Ist der Feed vielleicht nicht zum speichern gedacht?


----------



## Joachim (5. Feb. 2008)

*AW: RSS News Fehlermeldung*

Mom ...



> Section III - Feed parsing
> 
> IE7 supports the following feed formats: RSS 2.0 (0.91 and 0.92 included), Atom 1.0, and RSS 1.0. Section II explains the detection of these feed formats. Once it is detected properly, the feed is passed to the RSS Platform for sanitization and normalization. After this process, the IE feed reading view displays the feed for the user to read.
> 
> ...



Ich schau mir unsern Feed mal genau an ...


----------



## Joachim (5. Feb. 2008)

*AW: RSS News Fehlermeldung*

Wieder eine "besondere Macke" des IE umschifft - es sollte jetzt (nach neuladen) gehen. 

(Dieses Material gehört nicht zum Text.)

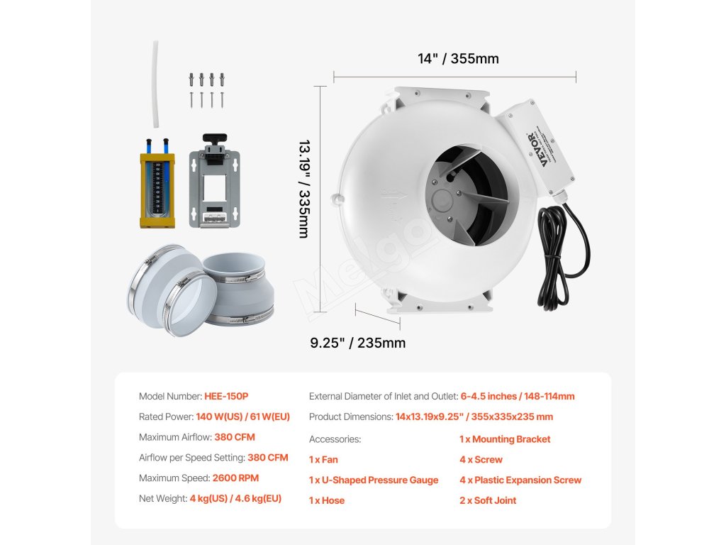 Sada na inštaláciu radónového ventilátora 6–4.5 inch, 380cfm, 2 spojky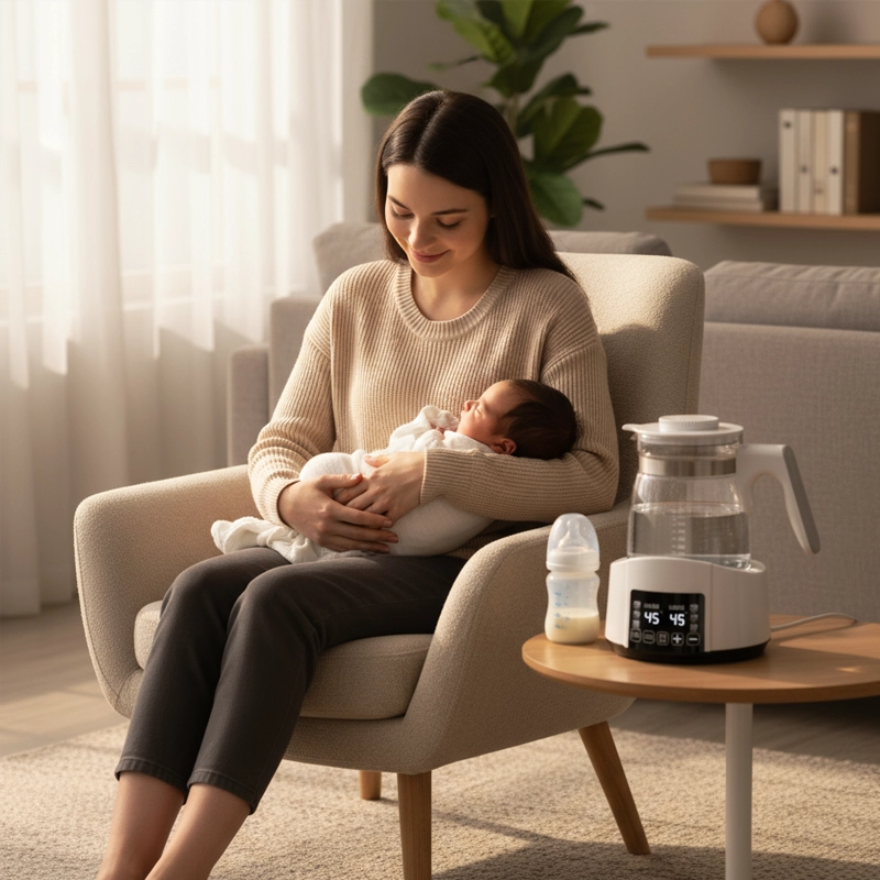 Der Flaschenwärmer lässt mich die Milchmahlzeiten besonders schnell zubereiten, vor allem wenn mein Baby nachts weint. Kein stressiges Füttern mehr.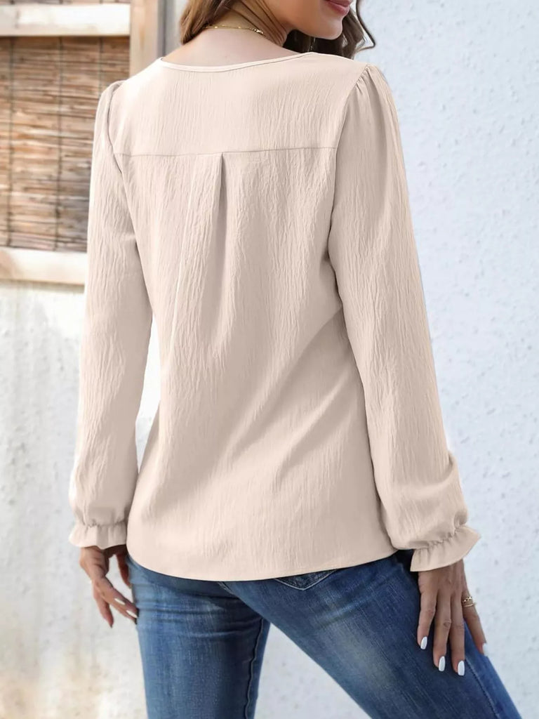 Notched Ruffle Cuff Blouse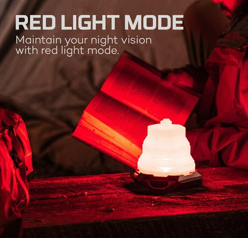 Teplé bílé světlo efektivně osvětlí jakýkoli prostor, zatímco možnost červeného světla pomáhá zachovat noční vidění za špatných světelných podmínek.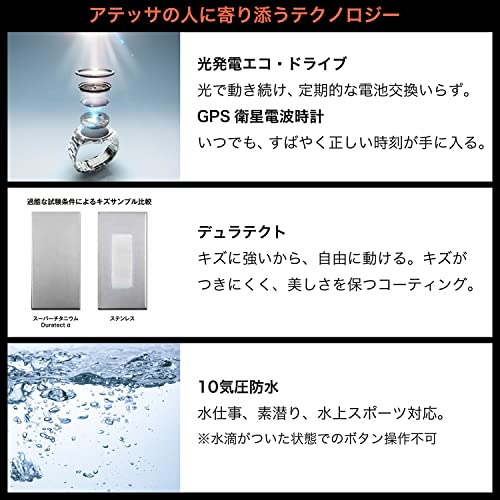 - 【チタニウムで次世代を進み続ける、シチズン ATTESA(アテッサ)】スタイリッシュで洗練されたデザインで人気の「ACT Line(アクトライン)」をベースに、さりげない光沢をまとうサファイアベゼルを採用したモデルが登場。アクティブなシーンにもビジネスシーンにもフィットするエコ・ドライブ搭載のGPS衛星電波時計です。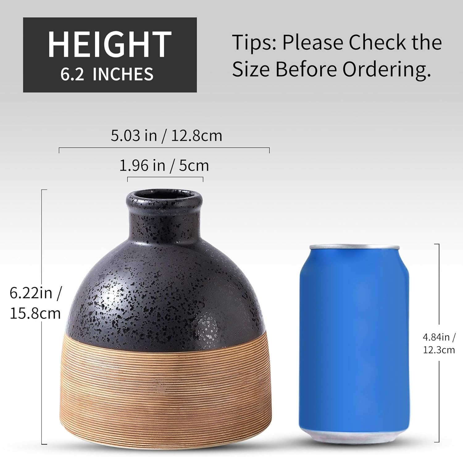 Black and Brown Rustic Farmhouse Flower Round Ceramic Striped Vase, Modern Bohemian Ceramic Floral Vase for Home Cottage Core Decor, Table, Living Room, Bookshelf Decor, Mantel, Wedding 6.5 Inch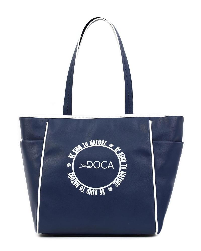 Дамска чанта в синьо с щампа и бели детайли. Изработена от 100% рециклирана изкуствена кожа.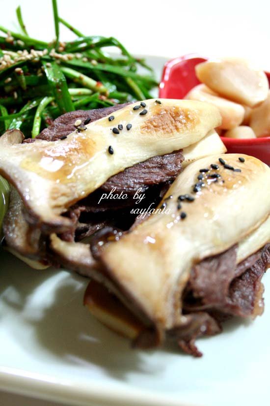한우, 새송이 버섯, 부추, 참기름, 마레솔트
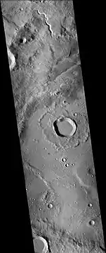 Flammarion is an impact crater in the Syrtis Major quadrangle on Mars at 25.2 ° N and 48.3 ° E. It is 173.0 km in diameter. Its name was approved in 1973, and refers to French astronomer Camille Flammarion.[1] There may have been a lake in the crater in the past because a channel is present on the northern rim, and sedimentary layers are present within the crater.

Auf FireFox geht es wie gehabt weiterhin.


----------



## ra_ll_ik (5. Feb. 2008)

*AW: RSS News Fehlermeldung*

Es geht. 
Danke dir.   
...was man so alles mit den Nullen und Einsen in der richtigen Reihefolge bewirken kann bleibt mir immer ein Geheimnis...


----------



## Joachim (5. Feb. 2008)

*AW: RSS News Fehlermeldung*

Ist kein Geheimnis - es musste lediglich etwas, woran sich der IE gewaltig stört, operativ (mit Finger, Editor und "//") entfernt werden ... 

 Kleinigkeit


----------



## Koi-Uwe (5. Feb. 2008)

*AW: RSS News Fehlermeldung*

on    


Gruss
Uwe


----------